Debt Dilemma: Nigeria’s 31% Revenue Shortfall Sparks Concern

Debt Dilemma: Nigeria's 31% Revenue Shortfall Sparks Concern

The Federal Government of Nigeria has announced a revenue performance of N6.9 trillion for the first quarter of 2025, which signifies a 33% increase from the N5.2 trillion generated during the same period in 2024. Nevertheless, this revenue did not meet the projected target of N10 trillion on a pro-rata basis, indicating a 31% shortfall.

Revenue Performance and Debt

Wale Edun, the Minister of Finance and Coordinating Minister of the Economy, stated that the increase in revenue reflects the initial benefits of ongoing economic and institutional reforms. Despite the revenue shortfall, the government may explore options to bridge the revenue gap, potentially through debt financing. As of December 31, 2024, Nigeria’s total public debt was recorded at N144.67 trillion, and President Bola Tinubu has sought approval for a new loan of $24.14 billion.

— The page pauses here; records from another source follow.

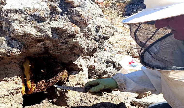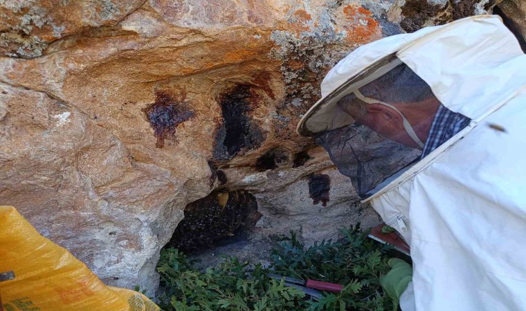Konya’nın Seydişehir ilçesinde dedesinden öğrendiği yöntemlerle arıcılık yapan Şakir Cırık, geçimini arıların kaya kovuklarına yaptığı balı satarak sağlıyor.
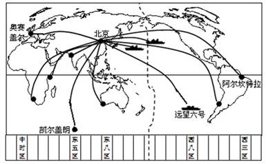 1、单选题 2011年11月3日~14日,神舟八号与天宫一号完成两次空间交会对接任务,于11月17日19时36分在内蒙古安全降落。图7为天宫一号和神舟八号交会对接任务测控网示意图。读图完成问题。
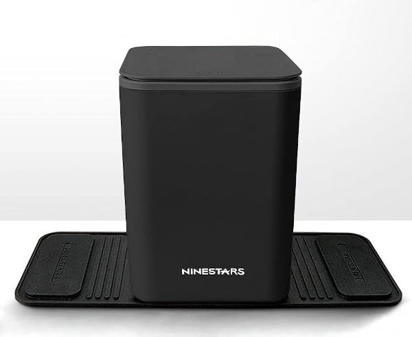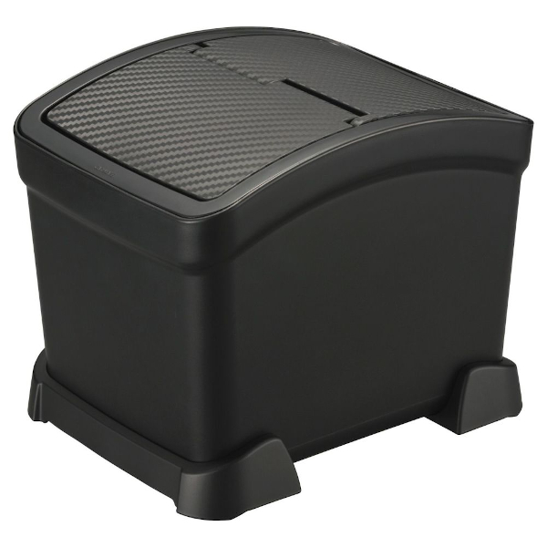 独自の「踏ん張る」底部サポーター構造を採用し、従来のおもり付きゴミ箱よりもさらに転倒や滑りに強いモデルです。左右どちらからもゴミを入れられるスイング式フタを採用し、コンパクトながら使いやすさも抜群。容量は約2.6 Lと小さめですが、助手席と後部座席の間やセンターコンソール横などに置いて使うのに適しています。カーボン調デザインのフタでインテリア性も高め。

The government aims for a 7% growth rate in gross domestic product (GDP), capitalizing on enhanced revenue collection, fiscal discipline, and growth driven by the private sector. Recent indicators, such as increasing external reserves, improved revenue performance, and a reduction in inflation, suggest a favorable trend. The Minister highlighted that reforms like market-based pricing for foreign exchange and petroleum products have reinstated investor confidence and fostered a more transparent environment for economic activities.

The Minister disclosed that Shell intends to invest $5.5 billion in Nigeria this year, challenging the notion that significant players are withdrawing from the nation. The government is also striving to draw long-term capital into the economy via Public-Private Partnerships (PPPs). Furthermore, the Ministry of Finance Incorporated Real Estate Investment Fund (MREIF) has allocated mortgages totaling N6.9 billion to 159 recipients across six pilot areas.

Housing and Power Sector

The government seeks to tackle the housing shortfall estimated to be between 20 to 28 million units. The MREIF is structured to attract both public and private investment for housing development. In the power sector, the Minister indicated a 40% rise in electricity production, attributed to tariff reforms, targeted subsidies, and a significant metering initiative. 

Nigeria’s economic advancements have been acknowledged, with international credit rating agencies Fitch and Moody’s enhancing the country’s ratings. The government is dedicated to ensuring that even micro enterprises can secure financing to grow their operations, create more jobs, and help lower the cost of living through increased production.